Policy makers and stakeholders have examined the U.S. healthcare system thoroughly in light of the urgent concerns over compromised patient safety
Policy makers and stakeholders have examined the U.S. healthcare system thoroughly in light of the urgent concerns over compromised patient safety, rising prices, and an increase in the number of uninsured and underinsured people. It should be noted that through my professional interactions and in-depth research, I’ve come to realize that three core strategies, public reporting, performance assessment, and value-based payment, are crucial to advancing a high-value healthcare agenda.
A key component of this agenda is public reporting, which gives patients and families access to clear information on the standard of care and patient safety. This openness encourages thoughtful decision-making and holds healthcare professionals responsible for the care they offer. Studies like the one that was published in the Journal of General Internal Medicine in 2019 show that patient outcomes and death rates improve when hospital quality measurements are made publicly available.

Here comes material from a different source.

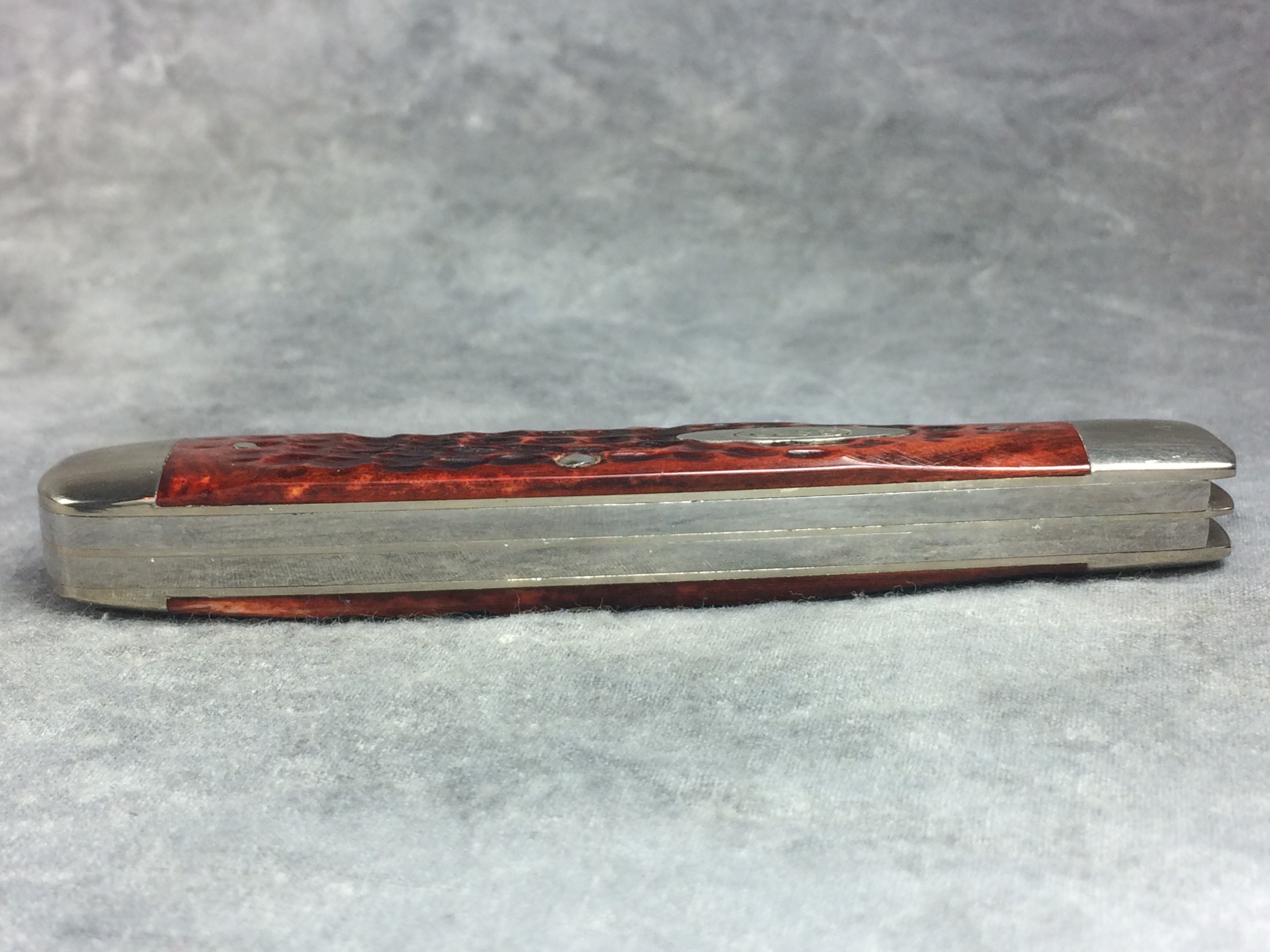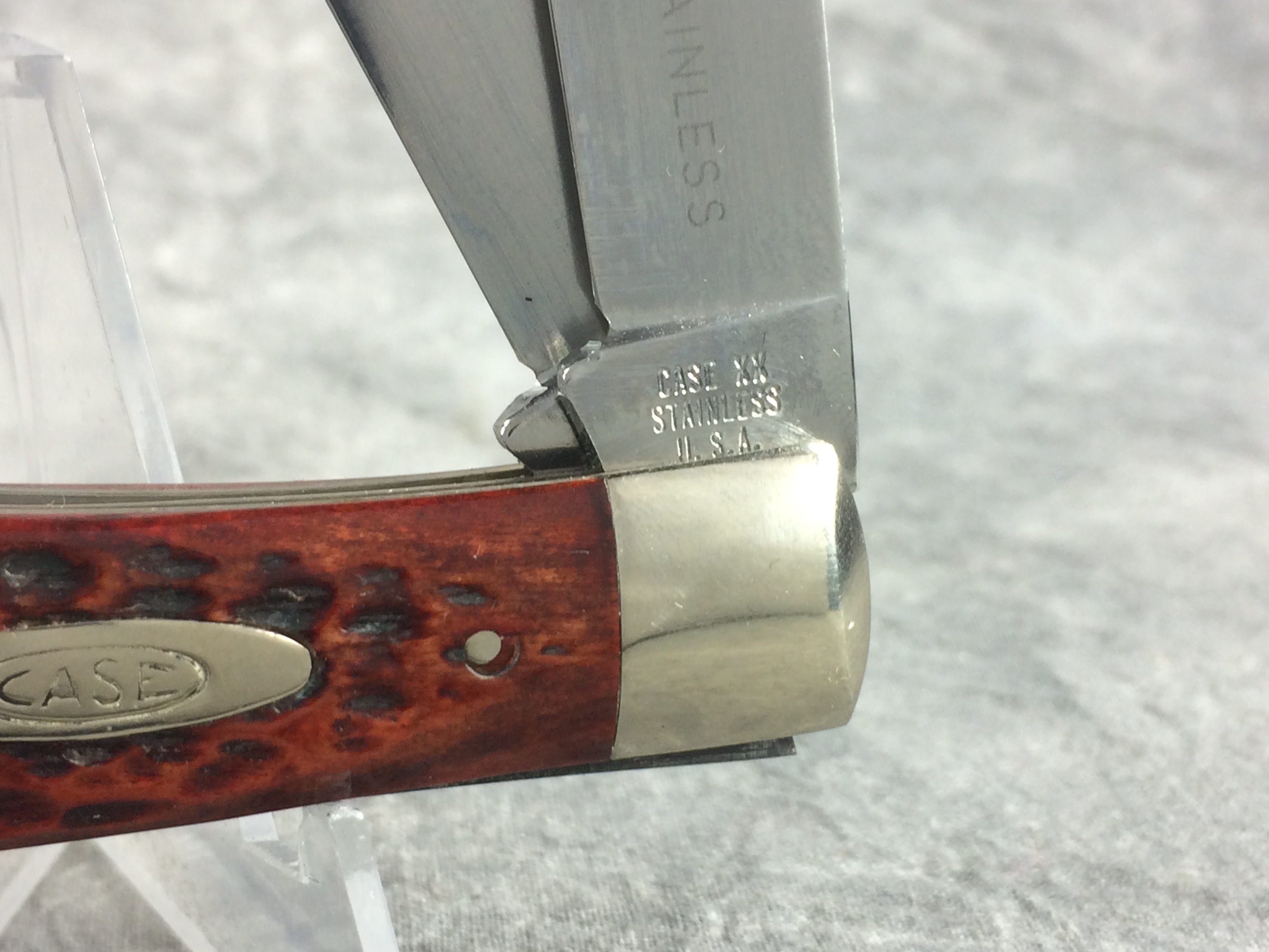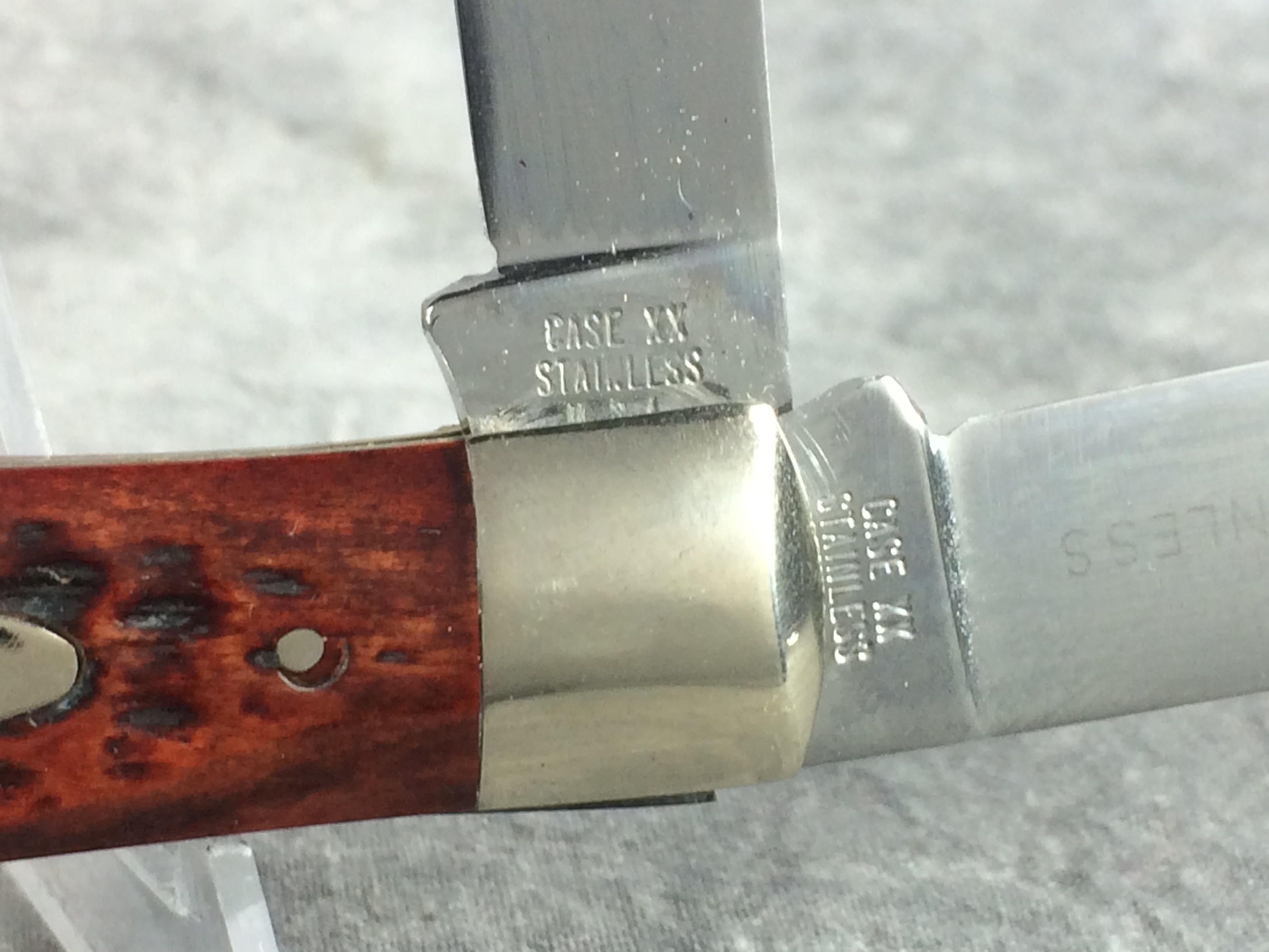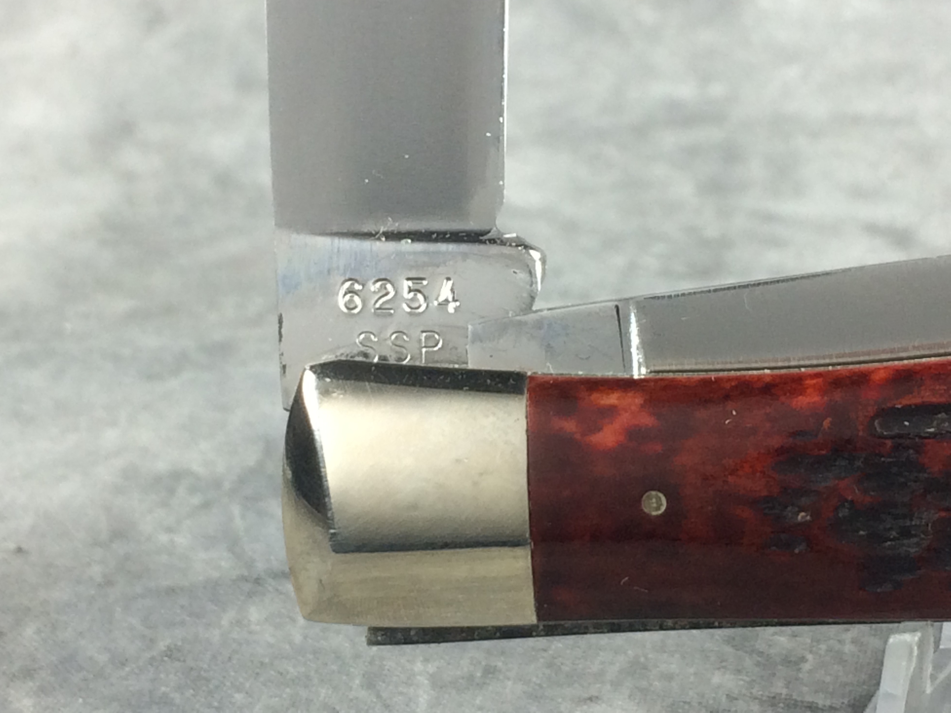 April 24, 2026 - 4-1/8 inches closed. 7-3/8 inches open. Made in USA. "CASE XX STAINLESS U.S.A." (on both blades) and "6254 SSP" tang stamps. Double oval open-C "CASE" shield. Satin finish stainless steel blades. Master blade stamped "TESTED XX STAINLESS". Red/brown jigged bone handle. Nickel Silver bolsters. Brass liner.

In order to assess and improve the quality of care, performance measurement is essential. Healthcare systems find opportunities for improvement and put in place focused quality improvement programs by monitoring outcomes, adherence to standards, and patient satisfaction. Performance assessment has the ability to spur quality improvements across the board in healthcare, according to the Institute of Medicine paper “Crossing the Quality Chasm” (Ladebue et al., 2016).
It should be noted that Value-based payment methods, like pay-for-performance, bundled payments, and episode-based payments, encourage the provision of high-quality care at a reasonable cost. New England Journal of Medicine research published in 2018 shows that value-based payment models result in better patient outcomes, fewer hospital readmissions, and lower overall expenditures. The impact of healthcare payment and delivery mechanisms on the standard of care is complex. Different payment models influence different provider behaviors. For example, fee-for-service models may unintentionally promote unneeded treatments, whereas capitation models may encourage preventive care initiatives. According to a 2016 study published in the Journal of General Internal Medicine, capitation models promote higher use of preventative treatment (Totten et al., 2012).
Care coordination and delivery efficacy are influenced by delivery types as well. Due to their holistic approach, primary care-based models thrive in coordinating care because primary care providers maintain thorough oversight and communication with other providers. The crucial importance of primary care in attaining seamless care coordination is stressed in the National Academy of Medicine study “Primary Care: America’s Health in a New Era.” Additionally, models of care delivery based on research consistently show better results. According to a 2015 study featured in JAMA Internal Medicine, healthcare models founded on the most recent scientific research result in better patient outcomes and increased effectiveness (Adair et al., 2006).
Adair, C. E., Simpson, E., Casebeer, A. L., Birdsell, J. M., Hayden, K. A., & Lewis, S. (2006). Performance measurement in healthcare: part I–concepts and trends from a state of the science review. Healthcare Policy, 1(4), 85.
Ladebue, A. C., Helfrich, C. D., Gerdes, Z. T., Fihn, S. D., Nelson, K. M., & Sayre, G. G. (2016). The experience of patient aligned care team (PACT) members. Health care management review, 41(1), 2-10.
Totten, A., Wagner, J., Tiwari, A., O’Haire, C., Griffin, J., & Walker, M. (2012). Public reporting as a quality improvement strategy. Closing the Quality Gap: Revisiting the State of the Science. Rockville: Agency for Healthcare Research and Quality.